Владимир Добряков - Король живет в интернате
— На Замковой.
— Вот как! Недалеко от меня. Знаешь улицу Мечникова? Я там живу.
Андрей знал эту улицу, но промолчал. Раиса Павловна еще спросила о том, где работает его мать, по сменам или только днем…
Этот разговор оставил неприятный осадок. Уж не собирается ли воспитательница прийти к ним домой? Ну и пусть! Разве он что плохое делал? — подумал было Андрей — и осекся.
Внимательно глядя в окно трамвая, Андрей старался отогнать неприятные мысли. А дома и совсем забыл о них. Встретила его Нинка, подушила ручонками, почмокала в щеку и сказала:
— А тебя мальчишка спрашивал! Голова вот такущая. — Она широко развела руки.
Андрей сразу посерьезнел. Васек спрашивал. Это неспроста. Значит, Зубей ждет его.
Посидев немного и выпив наспех чашку чаю, чтобы не очень огорчать мать (она, как и в прошлую субботу, напекла ради него пирогов), Андрей взял на всякий случай альбомчик с марками и побежал к Зубею.
Не ошибся: Зубей его поджидал. И снова на столе у него Андрей увидел арбуз.
— Здорово, интернат, — подставляя для гостя стул, сказал Зубей. — Садись! Наворачивай! — Он отрезал толстый, хрустнувший под ножом ломоть арбуза, протянул его Андрею. — Рассказывай!
Впрочем, слушать рассказ Андрея он, как видно, не имел ни малейшего желания. Закурив, с минуту пытливо, прищурившись, смотрел на Андрея, евшего арбуз, потом щелчком желтого прокуренного ногтя стряхнул пепел и спросил:
— Ну, изучил филателию?
Андрей кивнул. Полез в карман за альбомом.
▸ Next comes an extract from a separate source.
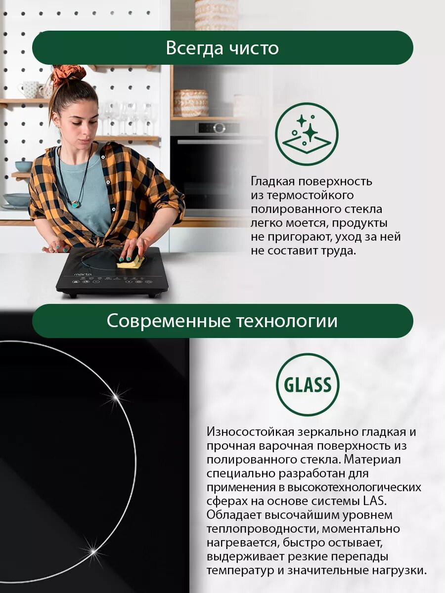 Плита индукционная электрическая MARTA MT-HP4228A безимпульсная черный жемчуг

— Вот, проверь. О любой марке спроси…
— Ладно, — небрежным жестом руки остановил Зубей. — Теперь, малыш, слушай. Разговор будет серьезный…
Это было так…
Сначала Нинка очень огорчилась, когда Андрей сказал, что не хочет идти в кино. Она собиралась даже заплакать, но раздумала. На улице светит солнышко, а небо такое нарядное, будто нарисовано ее толстым синим карандашом. И белые голуби кругами по нему летают. Ну, как тут заплачешь! Нет, лучше попить чаю и побежать с девочками на улицу. Будут играть в классы или больницу.
За столом Нинка трещала, как сорока:
— Мама, а коровы тоже болеют ангиной? А лошади?.. А почему я не видела лошадей с завязанной шеей?.. Мама, ну почему?
Ирина Федоровна сказала с досадой:
— Хоть минутку, Нина, помолчи. Голова от тебя идет кругом… Андрюша, еще чаю налить?
Андрей рассеянно перекатывал ложечкой вишню в блюдце с вареньем.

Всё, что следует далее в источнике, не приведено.